A while back, I made a big stink about what appeared to be the presence of illegal load-load reorderings in Intel’s IA32 memory model. They specifically claim this is impossible in their documentation. Well, last week I was chatting with a colleague, Sebastian Burckhardt, about this disturbing fact. And it turned out he had recently written a paper that formalizes the CLR 2.0 memory model, and in fact treats this phenomenon with a great deal of rigor:
Verifying Compiler Transformations for Concurrent Programs http://research.microsoft.com/pubs/76524/tr-2008-171-latest-03-11-09.pdf
To jog your memory, the problematic example is
X = 1;
r0 = X;
r1 = Y;
where both X and Y are shared memory locations, and r0 and r1 are processor registers. According to Intel’s IA32 memory model, two loads to different locations cannot reorder. But it is completely possible for the load of X to be satisfied out of the store buffer, and for r1=Y to pass the store (thereby also passing the load r0=X). This is a standard Dekker reordering, but the usual example consists of just { X = 1; r1 = Y }.
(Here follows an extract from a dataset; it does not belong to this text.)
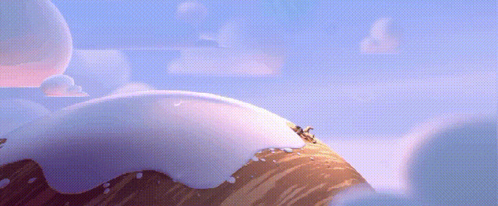 雪 - 当时想到要做雪非常突然,动画部分,分为两种:特写镜头,这部分用blendshapes完成,这能确保我们更灵活地调整;山的部分则在Houdini中完成。

The key to modeling this is to turn an adjacent store-load affecting the same location into a single instruction. Therefore, the above becomes something like:
r0 = 1;
X = r0;
r1 = Y;
Now it becomes entirely clear what has gone wrong. I have yet to see a clear description of this phenomenon, but Sebastian’s paper does a great job.
During the discussion, Sebastian showed me another disturbing four processor example:
P0 P1 P2 P3
== == == ==
X = 1; r0 = X; Y = 1; s0 = X;
r1 = Y; s1 = Y;
Is it possible, after all four processors complete, that { r0 == 1, r1 == 0 } and { s0 == 0, s1 == 1 }? This seems ridiculous, given a memory model where loads cannot reorder. It seems that no serializable execution should lead to this. But let’s look at one problematic interleaving. First, we merge the instruction stream on P0 with P1, and also P2 with P3. This effect could occur if these writes are in functions that end up running on the same processor, or running on a machine that shares functional units (like hyperthreading), hierarchies that share a cache, and so on. We end up with:
P0/P1 P2/P3
===== =====
X = 1 Y = 1;
r0 = X; s0 = X;
r1 = Y; s1 = Y;
Now let’s permute these with the new rule introduced above in mind:
P0/P1 P2/P3
===== =====
r0 = 1; s0 = X;
r1 = Y; s1 = 1;
X = r0; Y = s1;
At this point, it should be obvious what the problematic reordering would be. Let’s continue merging these into a single execution order:
P0/P1/P2/P3
===========
r0 = 1; // #1
r1 = Y; // #0
s0 = X; // #0
s1 = 1; // #1
X = r0; // #1
Y = r1; // #1
The outcome? { r0 == 1, r1 == 0 } and { s0 == 0, s1 == 1 }. Whoops.
I have yet to observe this happening in practice, but models that permit store buffer forwarding are fundamentally vulnerable to this reordering. The solution here is the same as with Dekker. Marking the volatiles is insufficient: you need to insert full memory fences between the store-load adjacent pairs.